The procedure you suggest is quite similar to the procedure used in the previous thread Upgrade Failure - Need Recovery Advice. It successfully recovered everything (junk and all) into a new 42.3 installation.
Is there an easy way to selectively import files from the backup while retaining the old file properties?
In your professional opinion, would it be better to import selectively or move it all and clean up later?
You can invoke the cp command with the option to preserve specific or all attributes like permissions, owner, timestamp, etc.
Consult the MAN page for coreutils cp, you can view this online, recommend searching the page with the keyword “preserve”
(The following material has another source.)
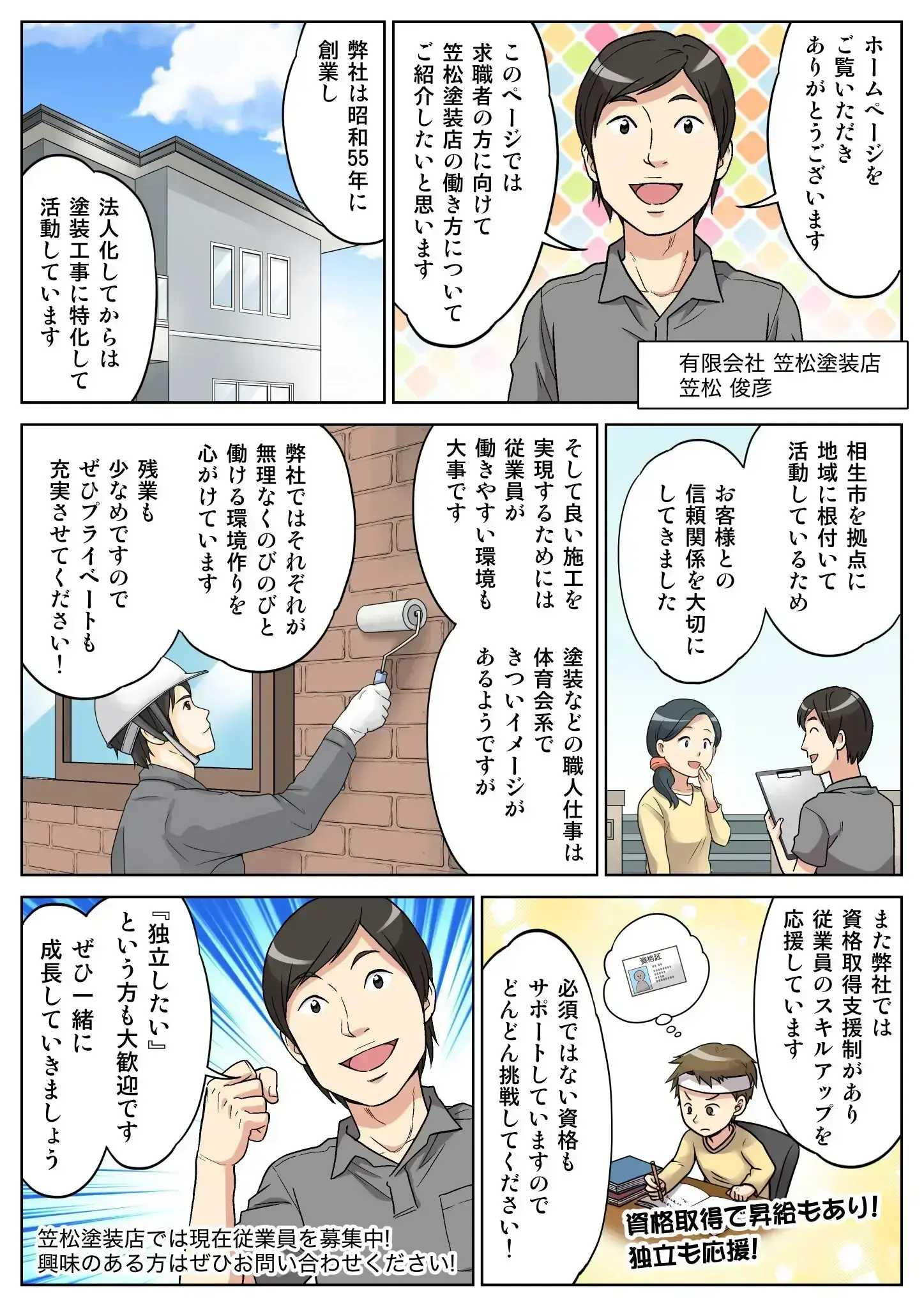 笠松塗装店では、将来的に独立を目指す方にも全力で応援します。資格取得支援などスキル向上へのサポートで、個人のキャリアアップを応援します。独立を希望する方にとって、大きなチャンスがある会社です。

I’m going to guess that you can do a better job of “cleaning up” by specifying exactly what you want, and how much to preserve rather than trying to clean up what you don’t want. And, to be sure you don’t miss something, retain your backup as long as you feel is needed… maybe forever if you don’t mind finding a place to put it.
Thank you for taking the time to reply and share your knowledge.
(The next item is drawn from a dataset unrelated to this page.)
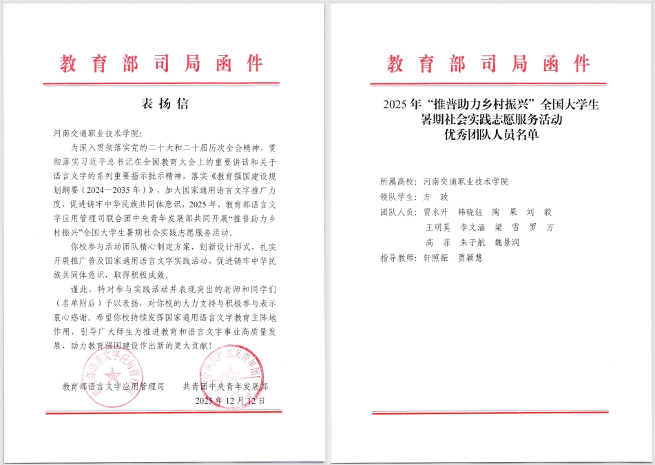 近日,教育部语言文字应用管理司与共青团中央青年发展部联合发来表扬信,对学校在2025年“推普助力乡村振兴”全国大学生暑期社会实践志愿服务活动中的突出表现予以表彰,对参与实践活动的优秀师生团队给予充分肯定,并向学校致以衷心感谢。

Is it possible to do this by moving files in Dolphin? Or would that change file properties?
The reason I ask is that I am not a Linux expert. OpenSUSE suits me for an operating system because it is remarkably stable and doesn’t require constant attention - it just keeps on working and working and working. That allows me to focus on what I do instead of computer maintenance. The downside is that I come here with dumb beginner questions, even though I have been using openSUSE Linux for a decade or more.
I can’t know everything about everything so I would be much more comfortable with a GUI instead of Konsole unless I have are explicit instructions.
The backup drive is a 1 tb Toshiba not much bigger than a deck of cards. I think it is forever, but I thought that about CDs too.
I will wrap up what I have learned for those who might be in a similar situation.
Disaster Recovery is complicated. The devil is in the details, so even if you have a backup, don’t think that just hitting the restore button or copying files will solve everything. For Example:
One application that I need is an old password manager called QPass that I started using long ago. QPass hasn’t been updated in years and isn’t in the standard openSUSE repositories. Using a full Restore from Backup does not install the application. Neither does copying the hidden database file (.qpassdb). Luckily, the application was found in the KDE:Extra repository. Once the Repository was installed, QPass could be installed in YAST. and the old database moved and opened. Gramps (genealogy), KMyMoney (accounting) and other applications may present similar problems.
For the average user like myself, it is a time consuming process.
What problems am I likely to encounter if I start over and restore the Leap 42.3 backup on this Leap 15.1 computer?